Boris Johnson has ruled out an inquiry into the conduct of his top adviser at the height of lockdown, insisting it was time to "move on" from the row.
Dominic Cummings is accused of breaking lockdown rules by travelling from London to County Durham.
The prime minister rejected claims he had damaged his own authority and the government's coronavirus message by not sacking Mr Cummings.
He said the public had had enough of the "political ding-dong" over it.
Around 40 Tory MPs have called for Mr Cummings to resign or be fired after his 260-mile journey came to light.
And Cabinet Office Minister Penny Mordaunt has reportedly said there are "inconsistencies" in Mr Cummings' account of his actions during lockdown and there was "no doubt" he took risks.
In an email to her Portsmouth North constituents, seen by The Guardian, she said: "Other families have been faced with the same situation Mr Cummings and chosen to stay put."
She did not call for Mr Cummings to be sacked - but apologised for the way the past few days have "undermined key public health messages".
Shadow home secretary Nick Thomas-Symonds said the prime minister had given "no credible explanation" why evidence had not been passed on to the cabinet secretary to investigate.
The Labour MP added that the prime minister's handling of the story had "undermined the public health message he is trying to put forward".
Trip 'not necessary'
Sajid Javid, who resigned as chancellor in February after Mr Johnson ordered him to fire his team of aides, also called on Mr Cummings to apologise.
In a letter to constituents first reported by the Bromsgrove Standard, he said he did not believe the aide's trip to County Durham was "necessary or justified".
On Tuesday, junior minister Douglas Ross resigned in protest at Mr Cummings' defence of his behaviour, saying that his interpretation of the government guidance was "not shared by the vast majority of people".
At an appearance before the Commons Liaison Committee, Mr Johnson said he "did not propose to add" to his previous statements on Mr Cummings - or what he described as the "autobiography" the aide delivered on Monday.
The prime minister used the phrase "move on" five times in 20 minutes, as he faced hostile questions from select committee chairs.
Asked whether the Cabinet Secretary Sir Mark Sedwill, the UK's top civil servant, should investigate Mr Cummings' actions, he said: "Quite frankly, I am not certain that right now an inquiry into that matter is a very good use of official time.

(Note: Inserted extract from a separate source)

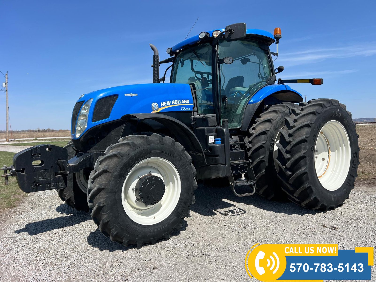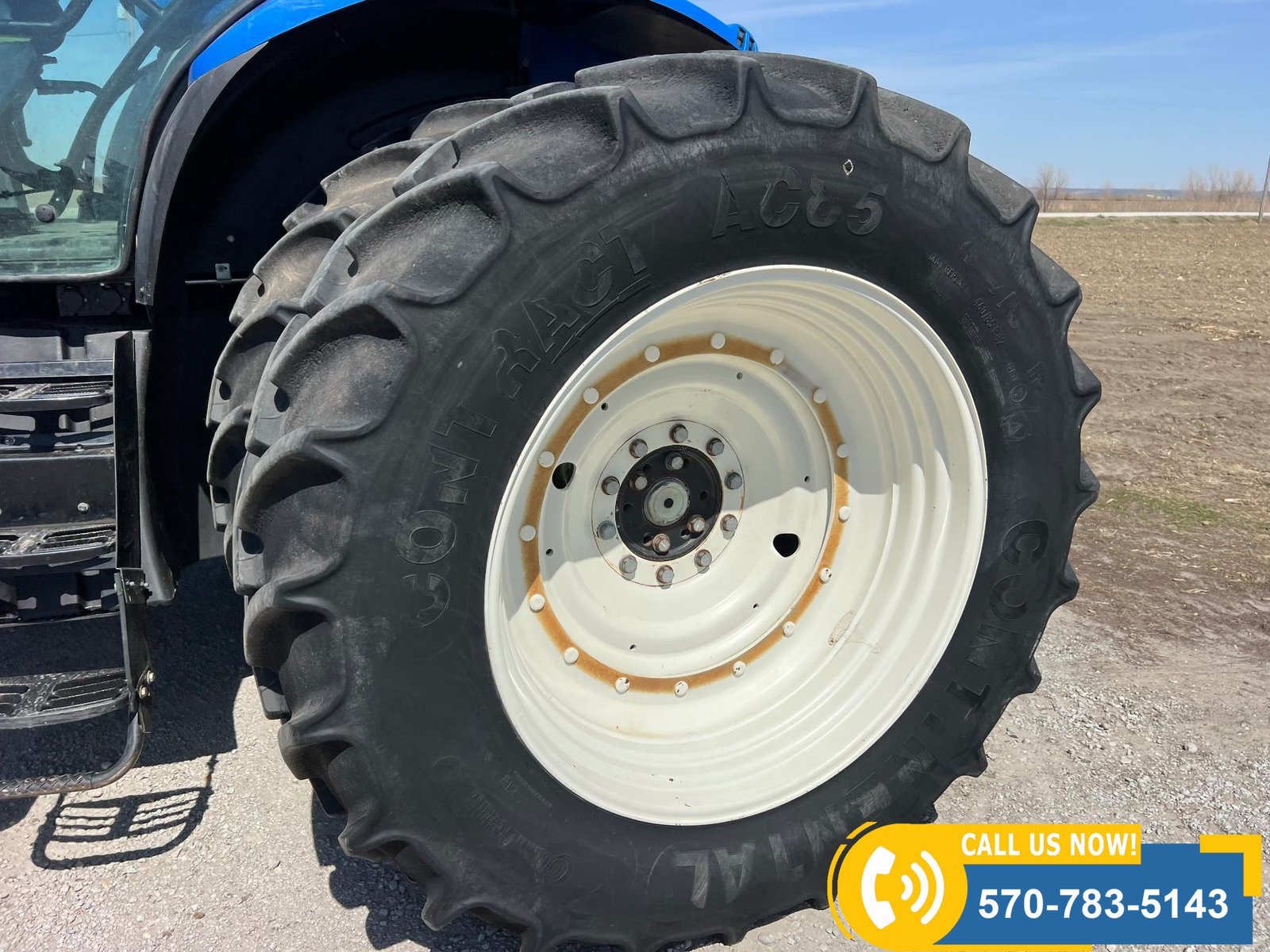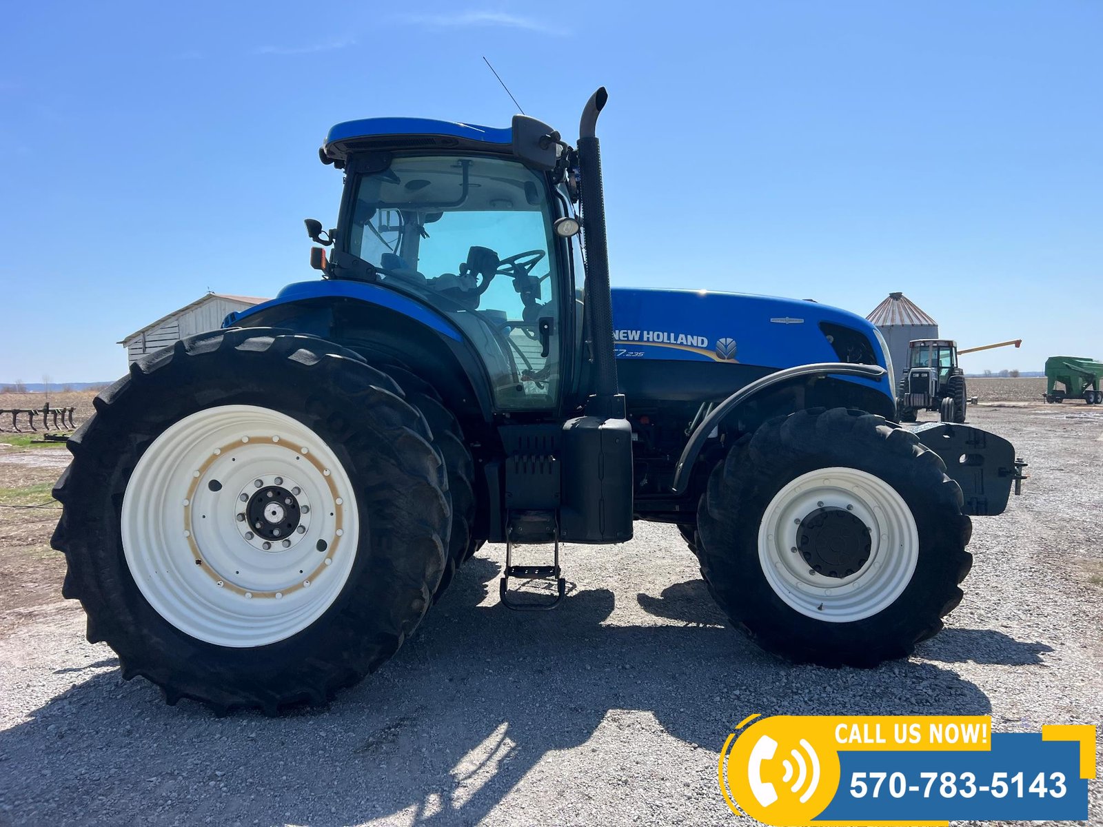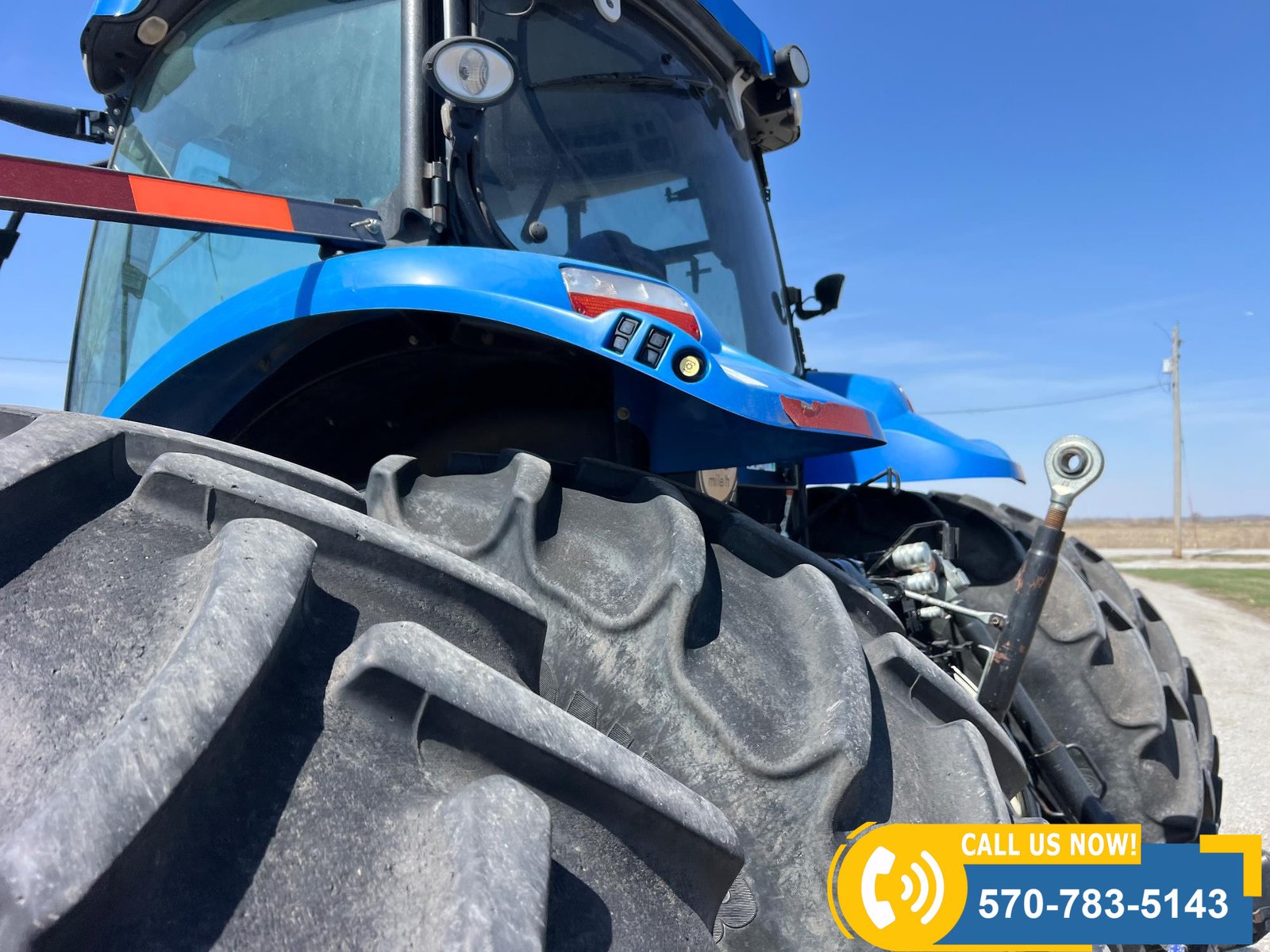 2013 New Holland T7.235 MFWD Tractor – 1,801 hours showing, powered by an FPT 6.7L 6-cylinder diesel engine with AutoCommand CVT transmission. Equipped with 3-point hitch, small 1000 PTO, monitor on armrest, 4 hydraulic outlets, and 10 front weights. Rides on 380/85R30 front tires and 480/80R42 rear duals.

"We are working flat out on coronavirus."
He said the public wanted the government to "focus on them and their needs, rather than on a political ding-dong about what one adviser may or may not have done".
Asked whether the government's "moral authority" had been undermined by Mr Cummings' actions and his own defence of them, Mr Johnson said: "I, of course, am deeply sorry for all the hurt and pain and anxiety that people have been going through throughout this period - this country has been going through a, frankly, most difficult time.
"We are asking people to do quite exceptionally tough things, separating them from their families."
While Mr Johnson was taking part in a video conference with the panel of senior MPs, Conservative MP Giles Watling tweeted: "I've been listening to the PM in the Liaison Committee. I applaud him for sticking by his man, but I'm afraid Mr Cummings should stand down.
"His continued presence at the heart of government at this time is an unwanted distraction."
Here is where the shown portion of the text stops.